Prefill/decode disaggregation (P/D split)

What this demonstrates: dedicating one instance to prefill and another to decode, with KV-cache hand-off between them.

Prefill is compute-bound and bursty. Decode is memory-bandwidth-bound and steady. Mixing them on one instance forces compromises (long prefills hold up decode iterations, decode batches under-utilize compute on small batches). Separating prefill and decode onto different instances lets each be tuned for its own bottleneck, a pattern popularized by DistServe and now standard in production serving.

Prerequisites

  • Simulator container set up
  • Bundled RTXPRO6000 profile for meta-llama/Llama-3.1-8B

Cluster config

configs/cluster/single_node_pd_instance.json:

configs/cluster/single_node_pd_instance.json
{
"num_nodes": 1,
"link_bw": 16,
"link_latency": 20000,
"nodes": [
{
"num_instances": 2,
"cpu_mem": {"mem_size": 512, "mem_bw": 256, "mem_latency": 0},
"instances": [
{
"model_name": "meta-llama/Llama-3.1-8B",
"hardware": "RTXPRO6000",
"npu_mem": {"mem_size": 96, "mem_bw": 1597, "mem_latency": 0},
"pd_type": "prefill",
"tp_size": 1
},
{
"model_name": "meta-llama/Llama-3.1-8B",
"hardware": "RTXPRO6000",
"npu_mem": {"mem_size": 96, "mem_bw": 1597, "mem_latency": 0},
"pd_type": "decode",
"tp_size": 1
}
]
}
]
}

The single field that matters: pd_type.

  • "prefill": the instance only runs prefill iterations. It receives the request, computes the prompt's KV cache, hands the cache off, and goes back to its prefill queue.
  • "decode": the instance only does decode iterations on already-prefilled requests.
  • null (other examples): combined prefill+decode (the default).

The router automatically sends new requests to a "prefill" instance, then transfers the request to a "decode" instance after the first token. The KV-cache transfer cost is modeled through the inter-link.

Run

python -m serving \
--cluster-config 'configs/cluster/single_node_pd_instance.json' \
--dtype float16 --block-size 16 \
--dataset 'workloads/example_trace.jsonl' \
--output 'outputs/pd_split_run.csv' \
--log-interval 1.0

Expected output

[INFO] step=15 P=8 D=12 prompt_t=3.1k tok/s decode_t=620 tok/s
npu_mem=[55.4 GB, 71.2 GB]
[INFO] step=16 P=10 D=12 prompt_t=3.6k tok/s decode_t=640 tok/s
npu_mem=[55.4 GB, 71.4 GB]

The P= and D= counts are per-role batch sizes. The decode instance's KV cache grows over time as requests transfer in; the prefill instance's KV cache stays bounded by the requests currently being prefilled.

What's interesting

  • TTFT is dominated by the prefill instance alone, no decode workload competes for it.
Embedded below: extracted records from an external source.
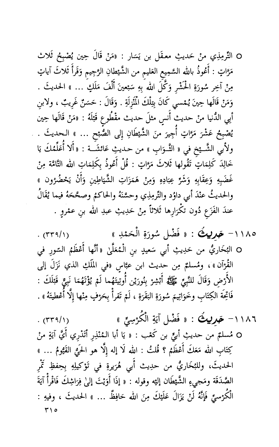 1186 حديث ( فضل آية الكرسي ) ( 1 / 339 ) + مسلم من حديث أبي بن كعب ( يا أبا المنذر أتدري أي آية من كتب الله معك أعظم قلت الله لا إله إلا هو الحي القيوم 000 ) الحديث وللبخاري من حديث أبي هريرة في توكيله بحفظ تمر الصدقة ومجيء الشيطان إليه وقوله ( إذا أويت إلى فراشك فاقرأ آية الكرسي فإنه لن يزال عليك من الله حافظ 000 ) الحديث وفيه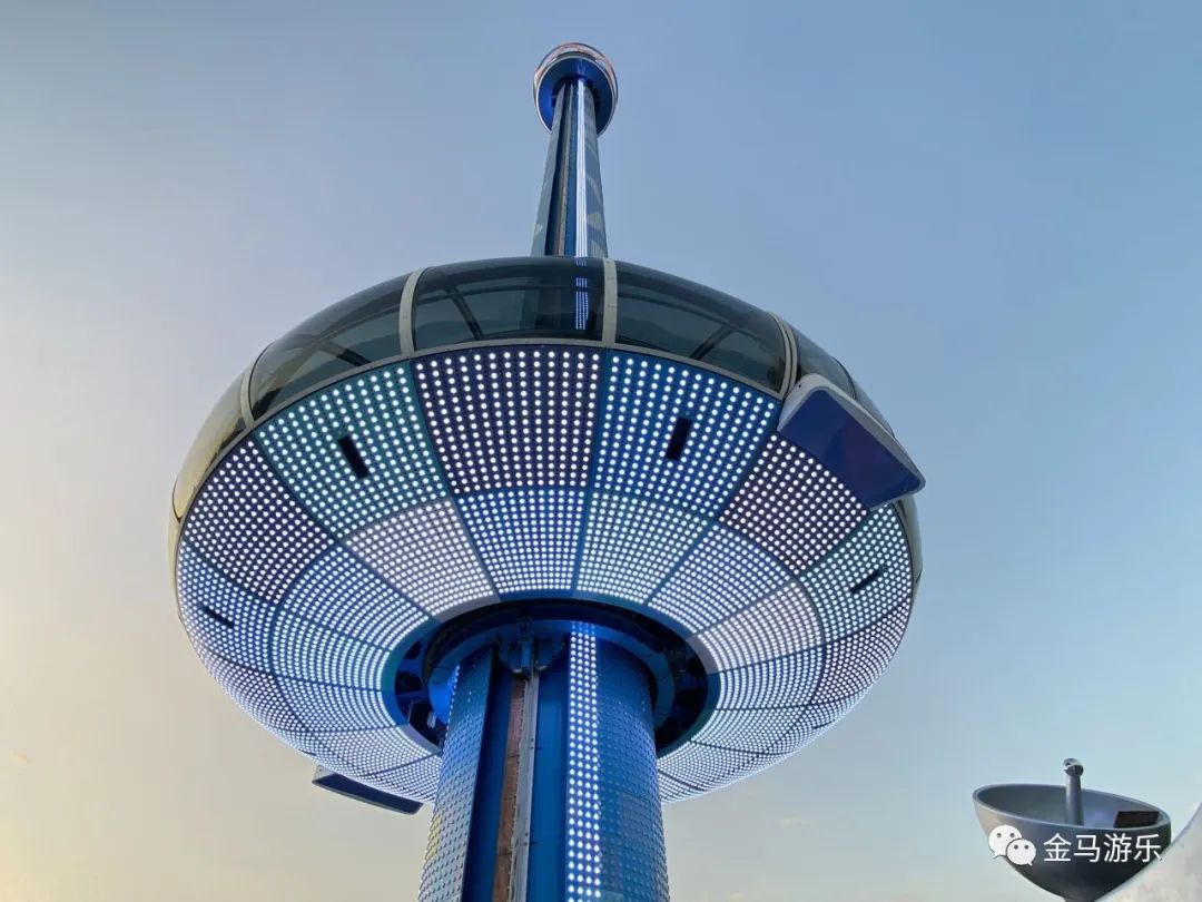 隨著“迷你世界·冒險(xiǎn)山”的開放,深圳歡樂谷與金馬游樂攜手打造的地標(biāo)項(xiàng)目——全景式高空觀景塔”星空之環(huán)”亦正式亮相。“星空之環(huán)”豎立在冒險(xiǎn)山山頂,有著65米高的圓柱塔體,極具未來(lái)感的艙體,夜幕中的百變燈效以及全天候360°絕美觀景享受,使其成為園區(qū)日夜閃耀的明星。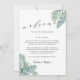 Teilen Sie uns eine Willkommensbotschaft für Ihre Hochzeitsgäste an tropischen oder Strandorten sowie einen Ausflug oder Zeitplan für die Veranstaltungen am Wochenende. An der Vorderseite wird Ihre Begrüßungsbotschaft mit zarten grünen Palmenfronten an den Ecken hervorgehoben. Auf der Rückseite des Hotels können Sie Ihren Hochzeitstag oder Ihr Hochzeitswochenende individuell gestalten. Ideal, um in Begrüßungssäcke des Hotels zu übernachten oder um die Zimmer Ihrer Gäste zu versenden.
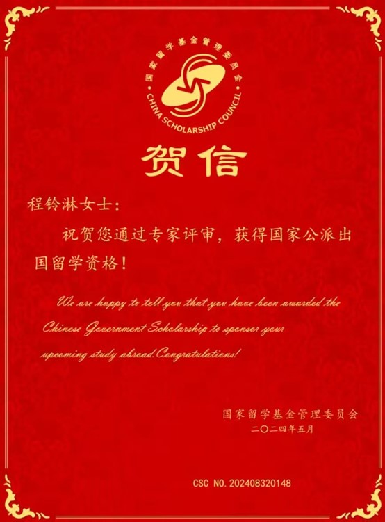 近日,国家留学基金管理委员会(CSC)公布了2024年“国家建设高水平大学公派研究生项目”录取名单。我院2021级化学工程与技术专业硕士研究生程铃淋同学喜获国家公派出国留学资格,将赴日本广岛大学Masakoto Kanezashi教授课题组攻读化学工程博士学位。程铃淋同学主要从事功能膜材料开发及水处理应用方面的研究工作,导师为钟璟教授、郭猛副教授。现已发表SCI一区论文两篇、公开中国发明专利一项、主持并完成“江苏省研究生科研与实践创新计划”项目一项,参与国家重点研发计划子课题和江苏省自然科学基金等项目若干项。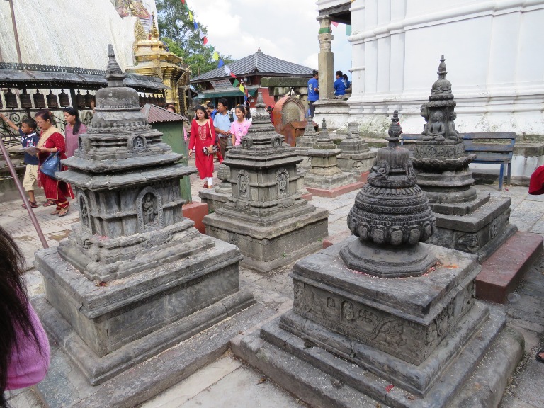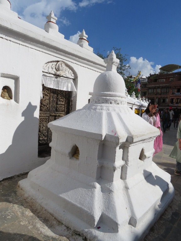 În partea de nord-vest a Stupei se află mai multe Chaityas– Asoka Chaitya (Licchavi Chaitya), Sikharakutta Chaitya, Vajradhatu Chaitya, Bodhisattva Chaturvyuha Chaitya, Jalaharyopari Jinalankrta Chaitya, Dharmadhatu Jinalankrta Chaitya, Jvalavaliyukta Chaitya, Astakonakrti Padmachaitya, Chaturvyuha Buddha chaitya, Sumeru chaitya, ridicate în decursul timpului de diverși devotați, în budism Chaya simbolizând umbra dharani, cu influența sa continuă asupra proceselor mentale ale unui individ, învățături care-i ghidează subtil gândurile și acțiunile de-a lungul vieții.

Easy to tune by scaling out prefill replicas independently.
  • TPOT is dominated by the decode instance. The cache transfer shows up as a one-time cost between prefill end and first decode step (modeled via link_bw).
  • Memory utilization differs sharply. Prefill instance's KV cache is "in flight" only; decode instance accumulates KV blocks for every active request. With a long-running workload the decode instance is usually the memory bottleneck.
  • Production parallel. This pattern is what DistServe and Mooncake popularized. Tuning the prefill:decode replica ratio is the main knob, try num_instances: 3 with two prefills and one decode for bursty long-context workloads.